~Bolecnauta napisał(a): PanM zapomina, że w szkołach nie prowadzi się kampanii wyborczych, ani agitacji partyjnych.
Jeżeli w wyborach startują nauczyciele to tak czy siak kampania w szkole prowadzona była.
Widzimy też na podstawie sondażu całą kwintesencję demokracji -
90 procent młodych polityką się nie interesuje ale większość z nich udział w wyborach weźmie :)
Mądry nauczyciel powinien ich zniechęcić do udziału w wyborach gdy polityką się nie interesują bo ich wybór będzie jak gra w ruletkę - albo trafią z kandydatem albo nie trafią i zaglosuja na jakiegoś tukana, a nie trafić w ruletkę łatwiej ,niż trafić.
Oczywiście żaden ich pewnie nie zniechęcił co pokazuje mądrość ciała pedagogicznego.
Organizatorzy, znaczy pokój nauczycielski z rożnych szkół, wie, że jak młody polityką się nie interesuje to nie ma kandydata.
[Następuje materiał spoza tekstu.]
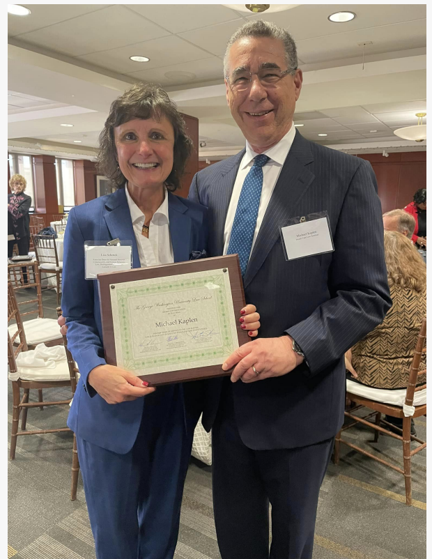
Presentation of award

A jak nie zna kandydata to normalnym jest że jego jedynym znanym kandydatem będzie jego nauczyciel ;)
No i to potwierdza że agitka polityczna w szkołach jednak miejsce ma.
A działać społecznie to niech się nauczą belfry, bo z tego co widzę to robią wszystko `programowo' za co biorą pieniądze i widać to po poziomie nauczania młodego społeczeństwa, które chcą teraz nawracać.
A to głownie młodzi działają społecznie (za darmo), np. WOŚP, zbiorki na chorych, na zwierzęta, itp.
Belfry u koryta działają tylko przed wyborami (np jak teraz na tym spotkaniu) i jak siedzą na stołku.
Nawet "darmowe" korepetycje są opłacane z jakiś środków i tylko tak można ich przekonać aby młodzież poduczyc po godzinach.